MapFed learns the expected depth distribution for each location using an adaptive prototype approach. The model is initialized from an existing bathymetric grid – in this case, the Danish Depth Model – and can be continuously trained with incoming survey and/or CSB data. Measurements that deviate significantly from the learned distribution are flagged locally. Flagged points are then submitted for expert review. Hydrographers assess whether these represent true artefacts to be discarded or valid deviations that should be assimilated into updated bathymetric grids. This workflow creates a feedback loop: domain expertise continuously improves both the anomaly detection model and the underlying bathymetric reference.
Tests and Results
Several components of the proposed system were evaluated both at sea and in controlled environments. The data collector was installed aboard a vessel and underwent extensive field testing, demonstrating reliable performance under operational conditions. In parallel, the MapFed anomaly detection model and the federated learning setup were validated in a laboratory environment, confirming their technical feasibility and potential for reducing data storage and transfer requirements.
Although full integration of hardware and software components is still required before the system can be considered commercially deployable, the trials have clearly demonstrated the feasibility of the approach and its potential to deliver scalable crowdsourced bathymetry.
Hardware
The data collector was developed by the Danish company Sternula and consists of a hardware interface that can listen to a ship’s NMEA network. The NMEA network connects ships sensors such as echo sounder and GNSS. The data collector also has a Raspberry Pi compute module installed which is used to run the MapFed model (Fig 2.).
Fig 2: Egde device installed aboard Dana.
First deployment (2023)
Fig 3. The track line of the first sea trial. Background Danish Depth Model v2
The system was first tested in the summer of 2023 on board the research vessel Dana IV (operated by DTU Aqua). During this trial, the data collector operated continuously and without failure for 37 days (Fig 3.). The collected CSB data proved immediately useful in validating two incoming but conflicting surveys of Skagerrak. In addition, the results were later incorporated into the second version of the Danish Depth Model (DDM) which was released in August 2024, demonstrating that cleaned CSB data provided better input than interpolated estimates. While the coverage was limited – approximately 8,500 grid cells (50 × 50 m), corresponding to ~21 km² – this represented a significant first step for DGA.

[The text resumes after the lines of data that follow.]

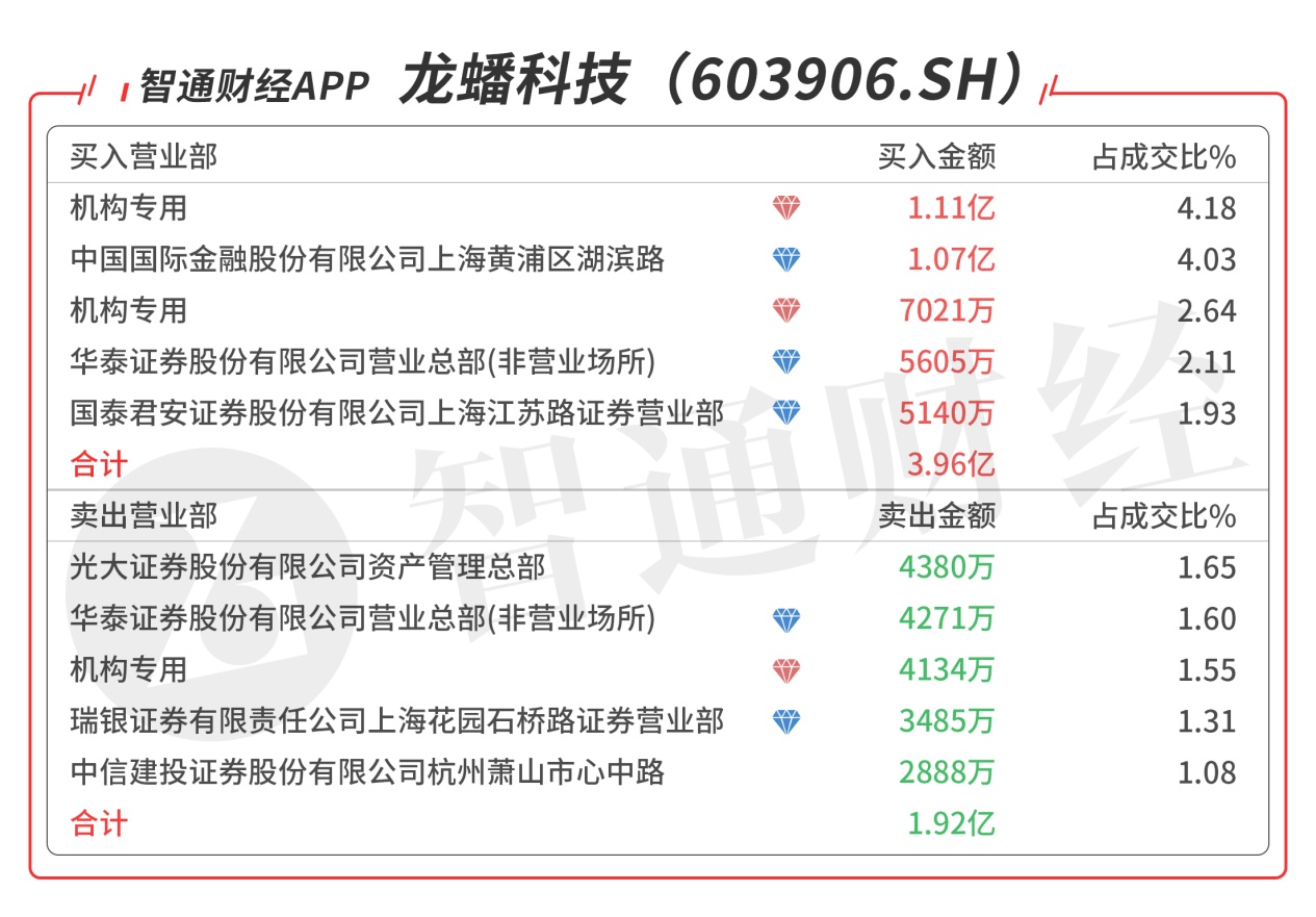 龙蟠科技(603906.SH):龙虎榜阵容强大,机构净买入1.81亿元,买四是知名游资的席位买入5605万元,买五是知名游资章盟主的席位买入5140万元。当日净买入2.05亿元,该股今日突破近两个月的箱体,强势特征明显。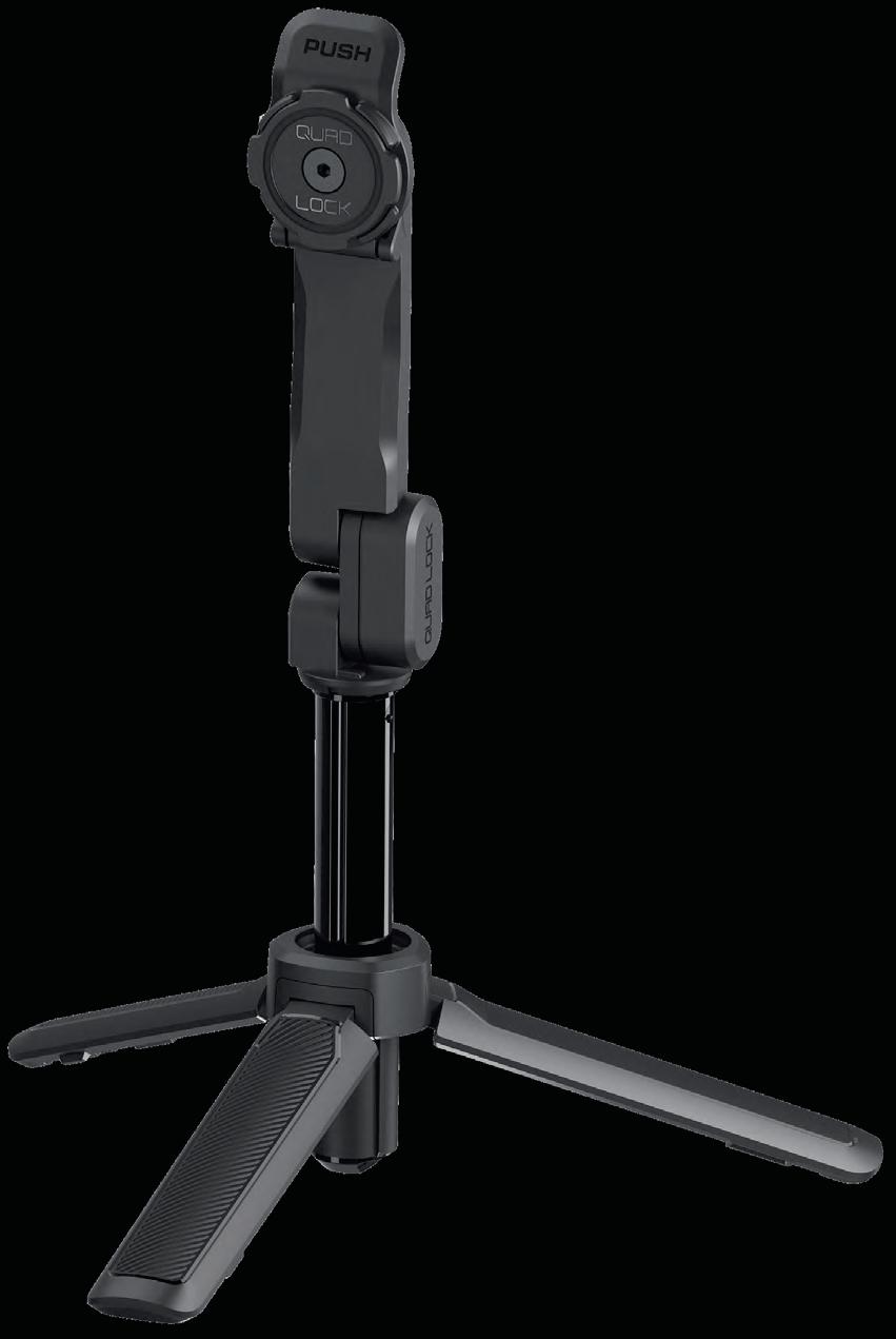 Super compact and easily transportable, no tools required, simply attached you Quad Lock equipped smartphone, then adjust the length, extend the legs, and articulate the head up to 270 degrees to get the perfect photo or video.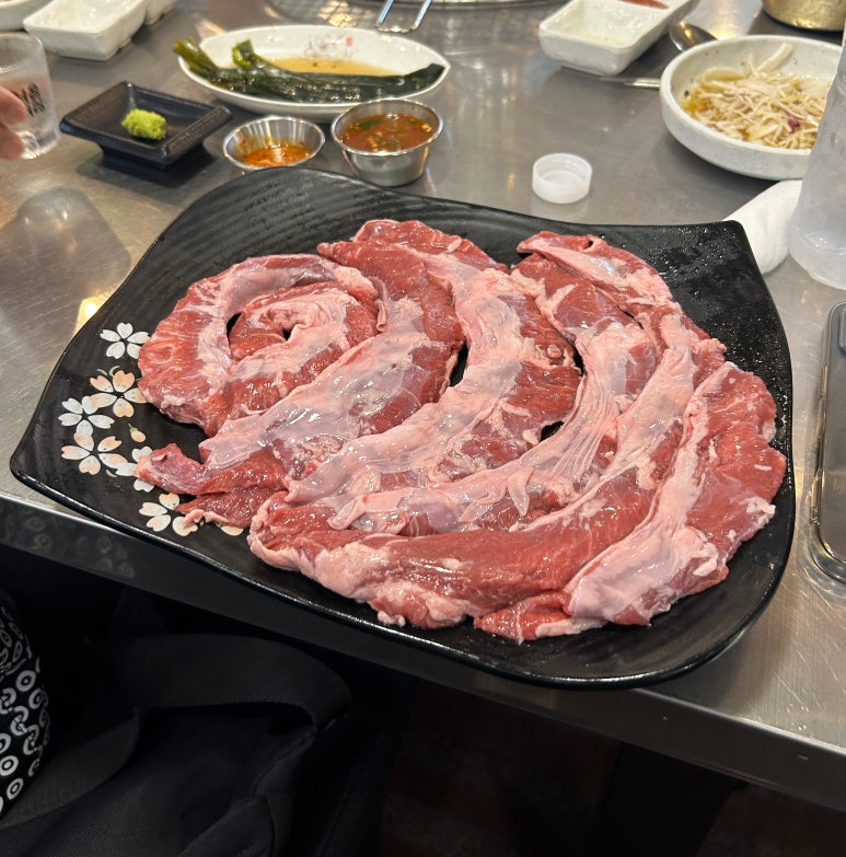 고기는 불판 끝에 올려두고 천천히 먹었다.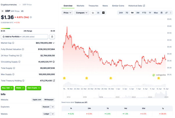 XRPは4月8日の1.38ドル前後から、9〜13日にかけて1.32〜1.36ドルでのもみ合いを続け、14日には再び1.38ドル近辺まで戻しました。週間の騰落としてはほぼ横ばいですが、1.32ドル台を割り込まずに往来した点は下値の安定を示しています。方向感はまだ限定的で、典型的なレンジ相場の色合いが強い週でした。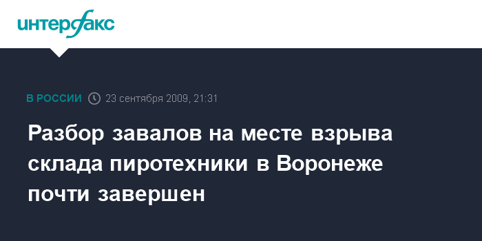 Воронеж. 23 сентября. INTERFAX.RU - В Воронеже на месте взрыва склада пиротехники в основном завершены работы по разбору завалов, начался вывоз мусора, сообщили "Интерфаксу" в пресс-службе областного МЧС.

Second deployment (2024–2025)
Fig 4: Track line from second sea trial in 2024-2025. Background Danish Depth Model V2
A second, longer deployment took place between April 2024 and March 2025. Over this period, the system again proved robust and operating for nearly one year without intervention. During this test, depth data from large areas of the North Sea was collected which has potential to be used in future versions of the DDM.
Data Assessment
To assess MapFed’s performance, data from this second deployment was manually cleaned by a hydrographic expert and compared against the model’s output. The comparison showed strong agreement between the MapFed model and expert judgment (on over 85% of the records) even though the model had to be trained on the public DDM with only 50 meter resolution and depth values of varying reliability (ranging from high-quality multibeam surveys to interpolated estimates from historical lead-line measurements. To avoid propagating uncertainty, interpolated values were excluded during training, which resulted in gaps in areas where no suitable reference data existed.) Unsurprisingly, MapFed struggled most in areas with lower DDM reliability since the absence of reliable training data led to misclassifications.